Present address: Dr Lawrence, Department of Animal Science, University of Kentucky, Lexington, KY, USA.
Effects of single-dose intravenous phenylbutazone on experimentally induced, reversible lameness in the horse
Article first published online: 20 DEC 2007
Journal of Veterinary Pharmacology and Therapeutics
Volume 31, Issue 1, pages 39–44, February 2008
How to Cite
FOREMAN, J. H., BARANGE, A. , LAWRENCE, L. M. and HUNGERFORD, L. L. (2008), Effects of single-dose intravenous phenylbutazone on experimentally induced, reversible lameness in the horse. Journal of Veterinary Pharmacology and Therapeutics, 31: 39–44. doi: 10.1111/j.1365-2885.2007.00925.x
- Issue published online: 20 DEC 2007
- Article first published online: 20 DEC 2007
- (Paper received 14 August 2007; accepted for publication 6 November 2007)

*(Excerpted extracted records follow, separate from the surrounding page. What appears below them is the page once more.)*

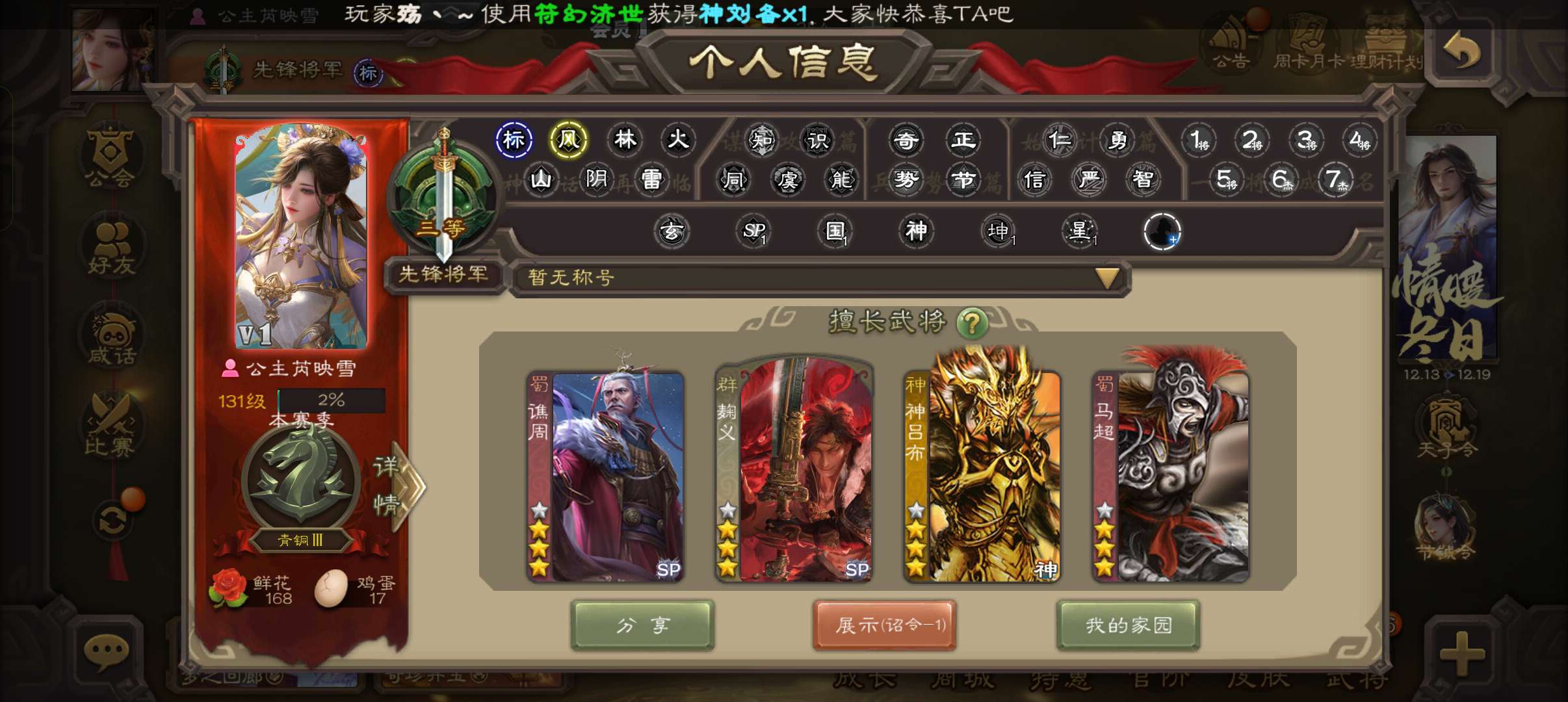 4480将魂7万羽毛4.9万豆,界钟会星黄忠双史诗先锋,甘夫人界孙权谋卢植崔琰135将
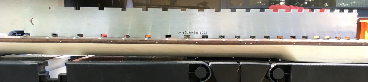 I have the tools I bought from pit bull and using the notched straightedge, the neck seem fairly straight, with no relief. That should change with string tension but I think straight when I’m doing fretwork is best. So about to cut headstock and tape the fretboard so I can start levelling and finishing the frets.
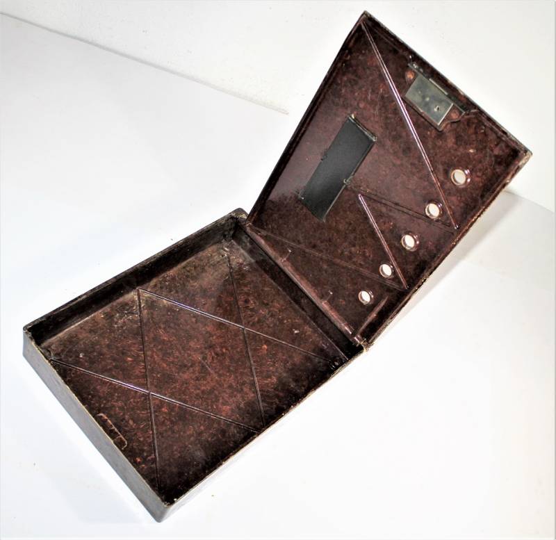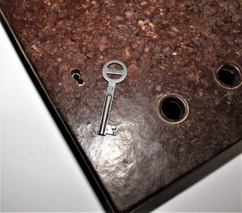 Cassetta per posta in bakelite marrone-rossa in perfette condizioni, non lesionata, non restaurata o riparata solo con una leggera patina del tempo e dellŽuso e completa della sua chiave.
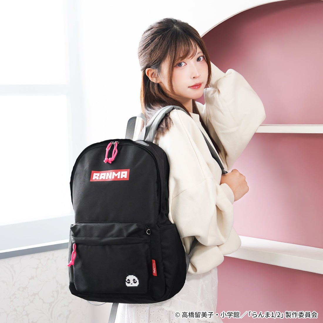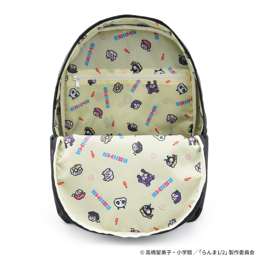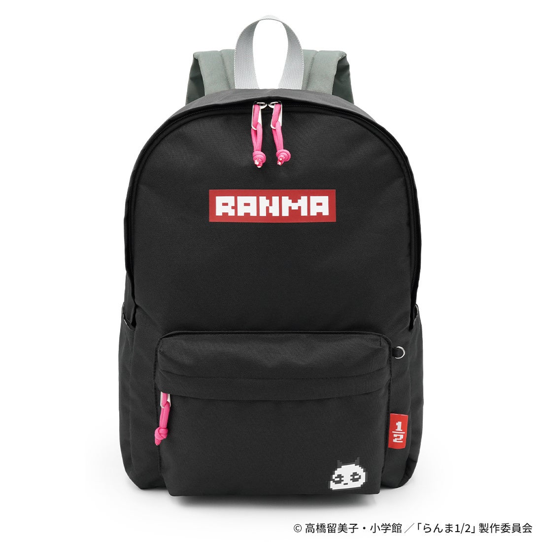 ドットイラストにデザインされた「RANMA」と玄馬(パンダ)をアクセントにした、使い勝手の良いリュック。ファスナーチャームはピンクで統一。
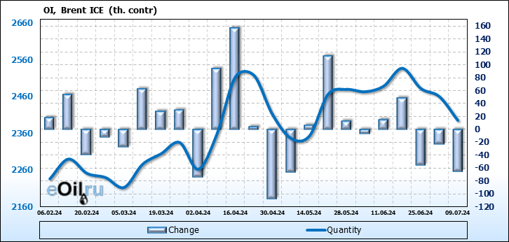 За прошедшую неделю, 03.07.24 — 09.07.24, открытый интерес упал на 65 тыс. контрактов. Объем вовлеченных в торговлю контрактов составляет 2 395 290 штук. Текущее положение дел на рынке таково, что деньги в течение прошлой недели уходили с рынка не видя привлекательности в текущей ситуации.
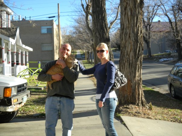 here's one of two pictures from today - my bro and his girlfriend, Kim, with a cat they
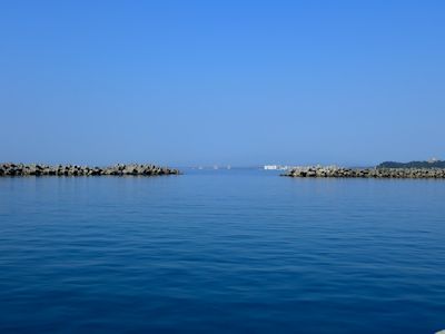 港から、カヌーに釣道具を乗せた釣り人が出航していった。沖テトラの裏側に周るのまで見えたが、どこで釣るのだろう?
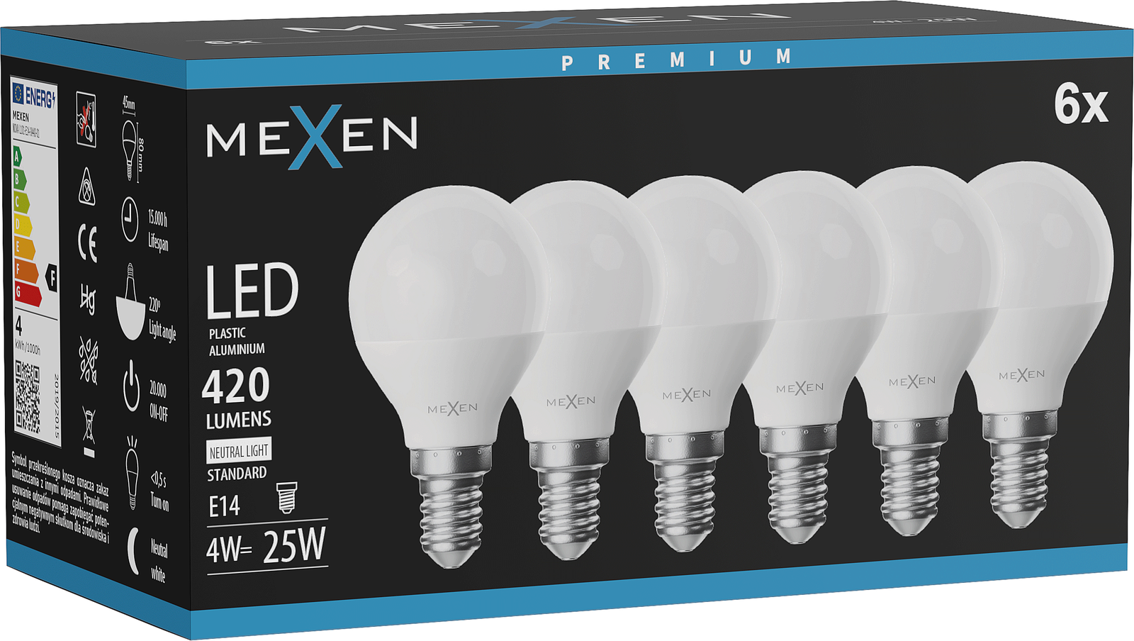 Mexen Nova 6x LED-lamppu E14, G45, 4W, Neutraali - 4000K, 420 lm - L101-E14-0440-01x06
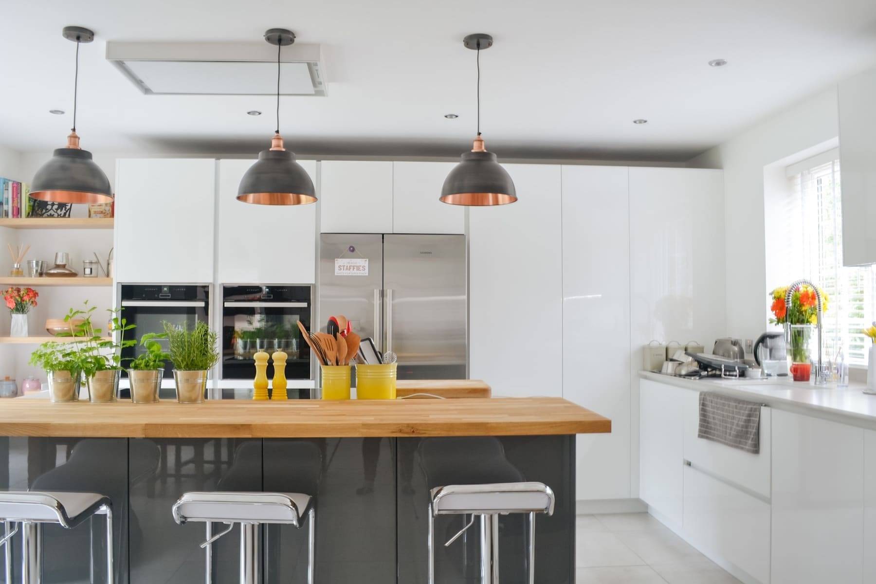 The beauty of a white kitchen is in its pristine appearance. Keeping it that way requires some care. Different door and countertop materials require a different level of care, with some lower maintenance than others, e.g. fingerprints are more obvious in white gloss than white matt, and white shaker doors with a handle are harder to clean than streamlined white handleless kitchen doors. White kitchens require: –
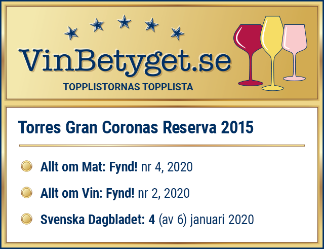 - TORRES GRAN CORONAS RESERVA, årgång 2015, får sammanlagt mycket höga expertbetyg
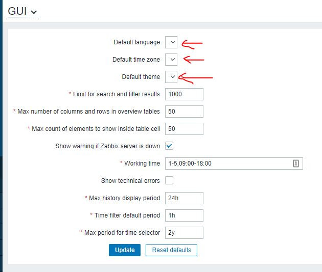Administration > General > GUI > Default language or Default theme or Default time zone
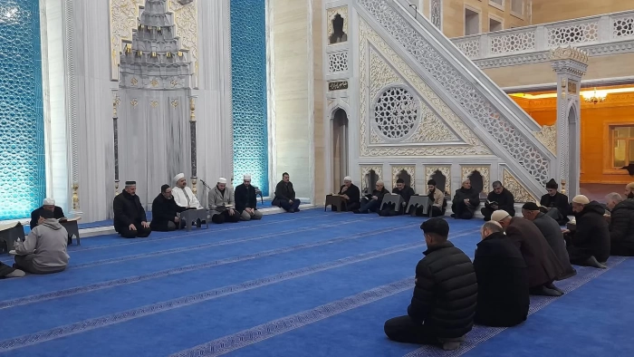 ALPARSLAN DİYARI- Öğle ve ikindi namazlarından sonra hafızlar tarafından tamamen ezbere okunan mukabeleye bölge halkı büyük ilgi gösteriyor. Çevredeki esnafların da katıldığı bu manevi etkinliğe, Muş İl Müftüsü İbrahim Halil Demir de ezbere Kur’an okuyarak eşlik etti.

The objective was to test the hypothesis that phenylbutazone (PBZ) alleviates lameness in an adjustable heart bar shoe model of equine foot pain. Eight Quarter Horse mares underwent 4-weekly treatments randomly: 0.9% saline placebo (SAL: 1 mL/45 kg body weight i.v.) with no lameness; SAL with lameness; PBZ (4.4 mg/kg body weight i.v.) with no lameness; and PBZ with lameness. Blinded heart rate (HR) and lameness score (LS) were assessed every 20 min for 2 h and then hourly through 9 h. At 1 h SAL or PBZ was administered. Jugular venous samples were obtained at hours 0, 1, 2, 4, 6, and 8 and were evaluated for packed cell volume (PCV), cortisol, and drug concentrations. Repeated measures anova and t-tests were used to identify PBZ effects at a significance level of P < 0.05. PBZ-treated LS was lower 2–8 h post-treatment, and HR was lower from 2 through 6 h post-treatment (P < 0.05). Phenylbutazone did not change PCV and had minimal effect on cortisol. Mean plasma PBZ and oxyphenbutazone concentrations 7 h after treatment were 7.2–7.5 and 1.6–1.9 μg/mL, respectively. It was concluded that PBZ was efficacious in alleviating lameness in this model. Cortisol and PCV were not discriminating enough to distinguish between PBZ-treated and SAL-treated trials.